Imagine, if you will…

It’s Saturday morning, and today is the 1st day of neighborhood canvassing, today is the 1st day of knocking on strange doors to ask for money, today is the first day of possible back to back rejections, today is the first day of getting mauled by the neighborhood’s precious canine community – that’s right – today is that day.

But I’m still sitting on the couch with a stomach full of butterflies and honey nut cheerios.

I am the lion of Oz and I need to find some courage. So I look for advice from my most trusted advisor, Google. Starting simple, I search”how to fundraise” and “how to ask for money.” Google advises me to bat my eyelids and to use  “the look” to hypnotize and manipulate your audience into giving money. First of all, I can’t bat my eyelids without popping a contact out like a floor-seeking scud missile, and secondly, what does using “the look” even look like? This was no help. The search must continue.
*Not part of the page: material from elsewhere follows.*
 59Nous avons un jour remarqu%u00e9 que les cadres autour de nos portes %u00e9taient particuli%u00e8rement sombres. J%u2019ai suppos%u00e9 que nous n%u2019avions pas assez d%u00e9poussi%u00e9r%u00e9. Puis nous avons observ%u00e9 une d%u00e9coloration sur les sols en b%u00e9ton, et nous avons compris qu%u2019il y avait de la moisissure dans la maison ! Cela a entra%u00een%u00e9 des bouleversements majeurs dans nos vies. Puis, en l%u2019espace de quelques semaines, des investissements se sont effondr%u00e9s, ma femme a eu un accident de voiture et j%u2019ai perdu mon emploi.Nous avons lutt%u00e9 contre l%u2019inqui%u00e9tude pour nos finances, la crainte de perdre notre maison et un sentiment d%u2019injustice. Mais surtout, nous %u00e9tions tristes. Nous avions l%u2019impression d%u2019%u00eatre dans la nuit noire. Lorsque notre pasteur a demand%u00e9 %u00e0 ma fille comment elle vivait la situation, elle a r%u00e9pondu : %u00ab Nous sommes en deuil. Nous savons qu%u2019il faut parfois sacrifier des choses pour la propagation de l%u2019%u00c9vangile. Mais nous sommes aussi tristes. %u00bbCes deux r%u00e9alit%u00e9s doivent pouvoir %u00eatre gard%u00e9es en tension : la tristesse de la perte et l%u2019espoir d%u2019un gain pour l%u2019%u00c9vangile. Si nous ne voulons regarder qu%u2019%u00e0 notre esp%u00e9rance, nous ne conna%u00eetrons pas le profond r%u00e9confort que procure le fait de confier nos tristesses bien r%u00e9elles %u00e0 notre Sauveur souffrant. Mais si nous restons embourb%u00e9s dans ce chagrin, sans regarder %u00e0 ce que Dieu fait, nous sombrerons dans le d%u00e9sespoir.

“How do you door to door?”

“Canvassing for Dummies”

“What is stranger danger?”

I was getting nowhere fast; I was losing daylight, and  still was lacking in the necessary ‘cojones’ to begin canvassing. So I peel my eyes off the computer screen, slip into a nice pair of jorts (jean shorts) and start walking to the farmers’ market in hope of finding some locally grown inspiration. Nothing at the smoothie stand. Nothing at the spice rack. And nothing at the candy shop, except a delicious sample of homemade bark. It’s almost 1 o’clock and all I’ve done is eat! So what do I do? Look for something to drink. I go to grab some apple cider from the Amish fruit stand. With the half gallon of awesome in my hand, I turn to leave and run into two of my best friends from school, Nora and Mangrove.
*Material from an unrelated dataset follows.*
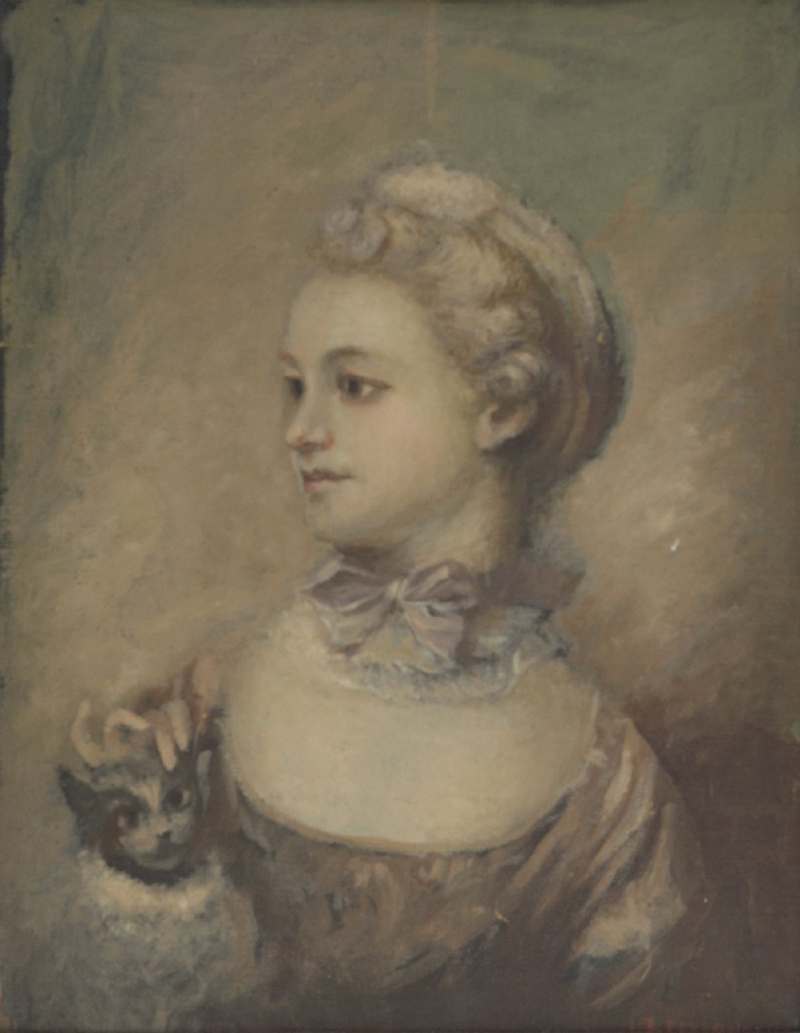 JEAN BAPTISTE PERRONEAU (1715 - 1783) OLIO su tavoletta "nobildonna con gatto". Misure: cm 26 x 35

They are giving a tour to Mangrove’s mom and grandma. We give each other hugs and hellos and then they ask me what I’m doing at market. I answered, “Eating,” and then Mangrove told them about our blog and wanted me to explain our bike trip to her family. So I do. No problem. And they loved it! So much that Mangrove’s grandma is compelled to break out the purse. But I stop her because I wasn’t asking them for money, and I don’t know, I felt bad. No one likes asking for money, and naturally, I feel like we (as people) are conditioned not to accept it, out of some sense of modesty, pride or something else, but granny insisted. What I didn’t know was that Mangrove’s grandma was actually quite the successful business woman and that she has been asking people for money her whole life.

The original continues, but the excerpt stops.